-- Exercise --
Range to repeat from the listing below: the line containing "Si viven en" down to the line containing "接下来,ok1122诸侯快讯", both included. Copy it exactly, pictures excluded, and add nothing else.

-- Records supplied --
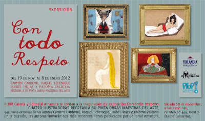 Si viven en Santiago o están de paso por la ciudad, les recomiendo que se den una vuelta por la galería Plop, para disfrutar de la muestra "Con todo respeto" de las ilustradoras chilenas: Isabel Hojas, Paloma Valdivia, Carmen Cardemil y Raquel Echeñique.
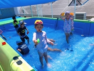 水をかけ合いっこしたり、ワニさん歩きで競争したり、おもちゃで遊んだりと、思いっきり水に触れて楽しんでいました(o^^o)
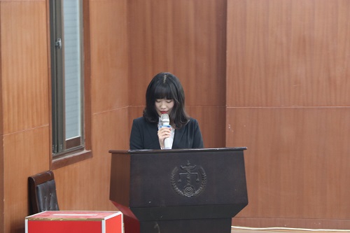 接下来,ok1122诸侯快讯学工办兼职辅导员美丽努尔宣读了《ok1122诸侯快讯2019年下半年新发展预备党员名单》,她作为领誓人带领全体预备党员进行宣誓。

---

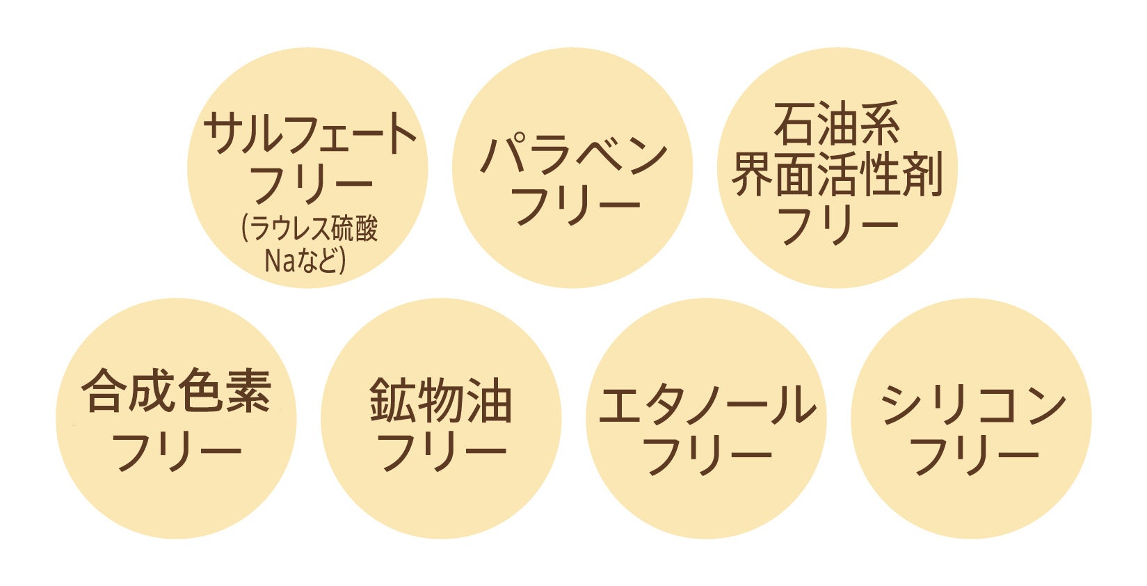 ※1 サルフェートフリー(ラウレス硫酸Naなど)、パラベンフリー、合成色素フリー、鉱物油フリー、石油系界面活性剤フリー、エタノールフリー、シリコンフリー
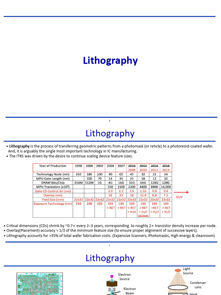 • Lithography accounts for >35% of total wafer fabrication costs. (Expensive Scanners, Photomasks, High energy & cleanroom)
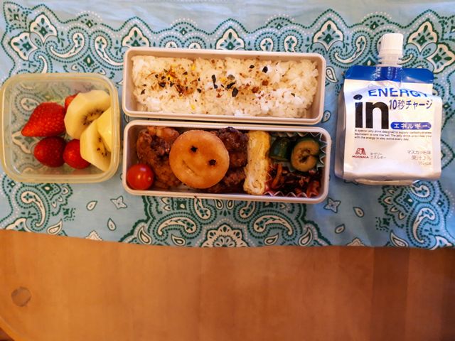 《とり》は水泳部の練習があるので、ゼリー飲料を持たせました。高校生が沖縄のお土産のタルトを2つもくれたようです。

-- Final answer --
 Si viven en Santiago o están de paso por la ciudad, les recomiendo que se den una vuelta por la galería Plop, para disfrutar de la muestra "Con todo respeto" de las ilustradoras chilenas: Isabel Hojas, Paloma Valdivia, Carmen Cardemil y Raquel Echeñique.
 水をかけ合いっこしたり、ワニさん歩きで競争したり、おもちゃで遊んだりと、思いっきり水に触れて楽しんでいました(o^^o)
 接下来,ok1122诸侯快讯学工办兼职辅导员美丽努尔宣读了《ok1122诸侯快讯2019年下半年新发展预备党员名单》,她作为领誓人带领全体预备党员进行宣誓。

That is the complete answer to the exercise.